One such prevalent myth is that we need to import our leaders – that home grown varieties are somehow less capable than Americans or the British. Trite fabrications such as this are dangerous for many reasons. Firstly, they can so easily mislead company Boards, who are responsible for ensuring excellence in the top job, to undertake extensive and costly searches overseas when the solution is right under their noses.
For example, there is reportedly an extensive international search underway to find John McFarlane’s successor at the ANZ. McFarlane is by any measure one of the world’s great leaders. And yet, by his own admission, he has at least three people in senior executive roles that could do his job. If (or when) the Board appoints an overseas applicant they will no doubt trot out the usual lame excuses – similar to the rationalisations bandied around when Telstra was in a similar situation: internal applicants are too inexperienced, too young, too old, or had insufficient banking credibility… Take your pick; they are all bullshit!
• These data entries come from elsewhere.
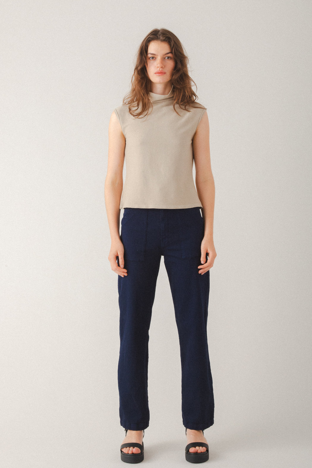 The Long Carpenter Pant blends utility details with a sleek, modern silhouette. Designed with an ultra-high-rise and engineered outer seams, it offers a more flattering fit than traditional work pants. Made from high-stretch deadstock twill, it delivers structure with serious comfort. Whether paired with a blouse or dressed down with a tee, this pant is built for versatility — combining rugged functionality with elevated design.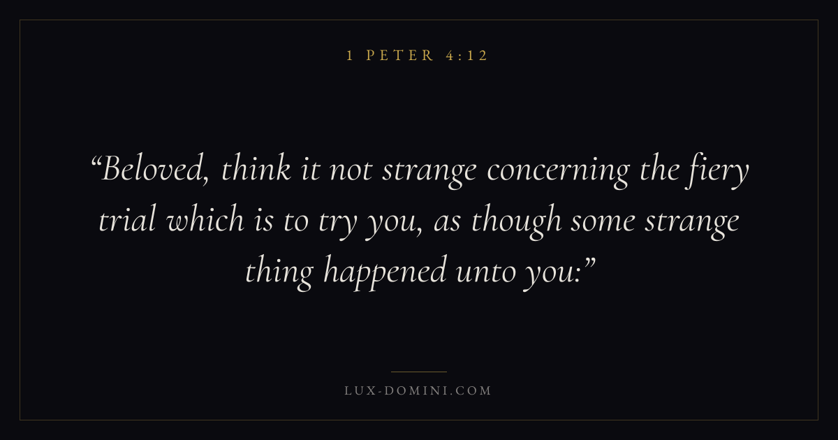 Beloved, think it not strange concerning the fiery trial which is to try you, as though some strange thing happened unto you: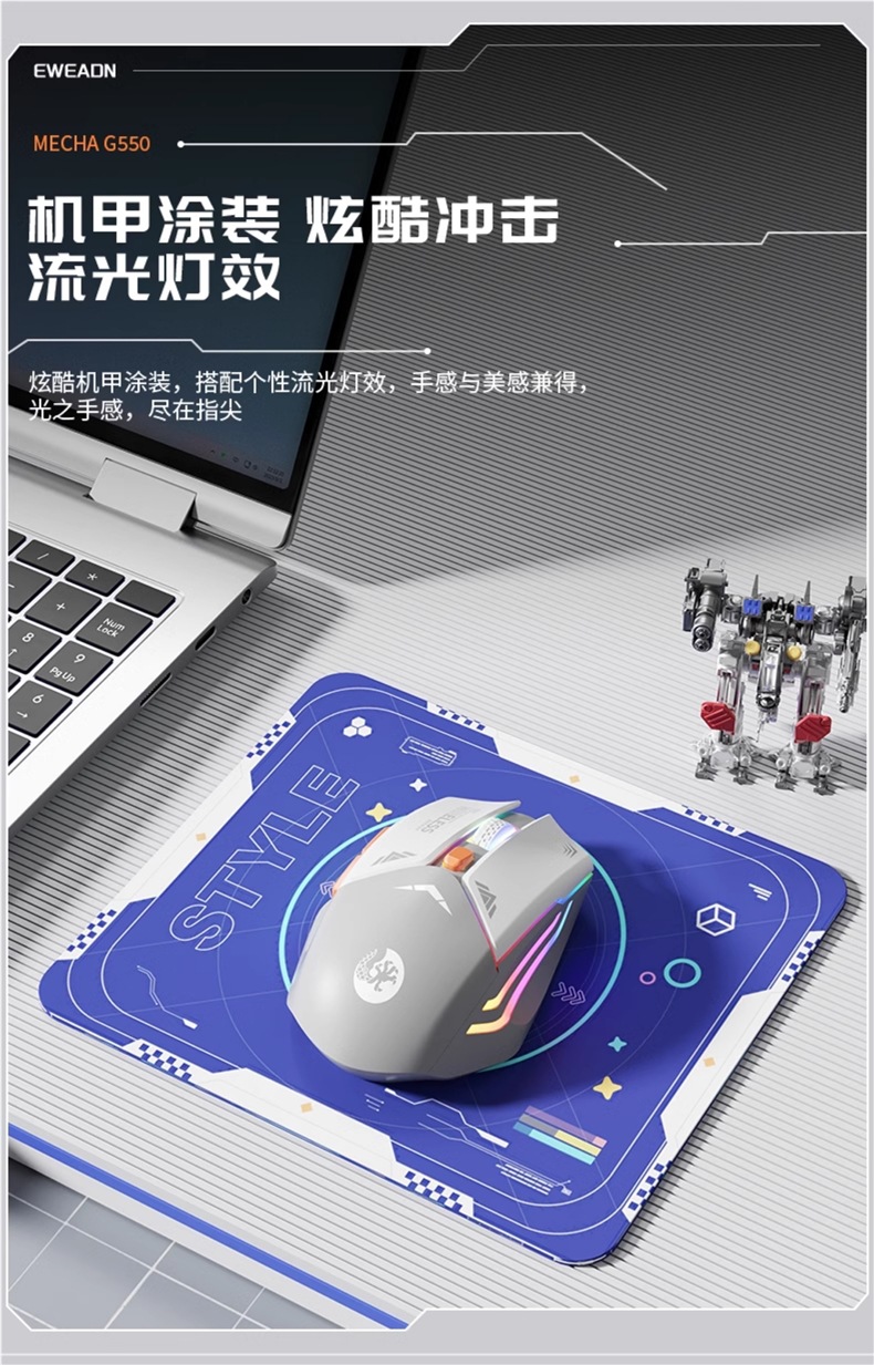 • "메카 블루 ""2.4G 무선 단일 모드"" 충전식 버전* 게임 칩/무음 버튼/3단 DPI+ 메카 마우스 패드 - 공식 표준"

Furthermore, myths such as these do nothing for our self-esteem in the intensely competitive, zero geography world of global business. We must never forget that Australians have successfully led some of the world’s largest organizations – including McDonalds, the Ford Motor Company, Qantas, British Airways and Philip Morris, for example. Likewise, scanning the domestic horizon throws up people of the calibre of Jonathan Ling (Fletcher Construction), Graham Turner (Flight Centre), Greig Gailey (Zinifex), Michael Carmody (Customs & Excise), Greg Bourne (World Wildlife Fund), Allan Moss (Macquarie Bank), Steve Vamos (Microsoft) and Roger Corbett (Woolworth) – great leaders who are undeniably as good as you are likely to find anywhere overseas.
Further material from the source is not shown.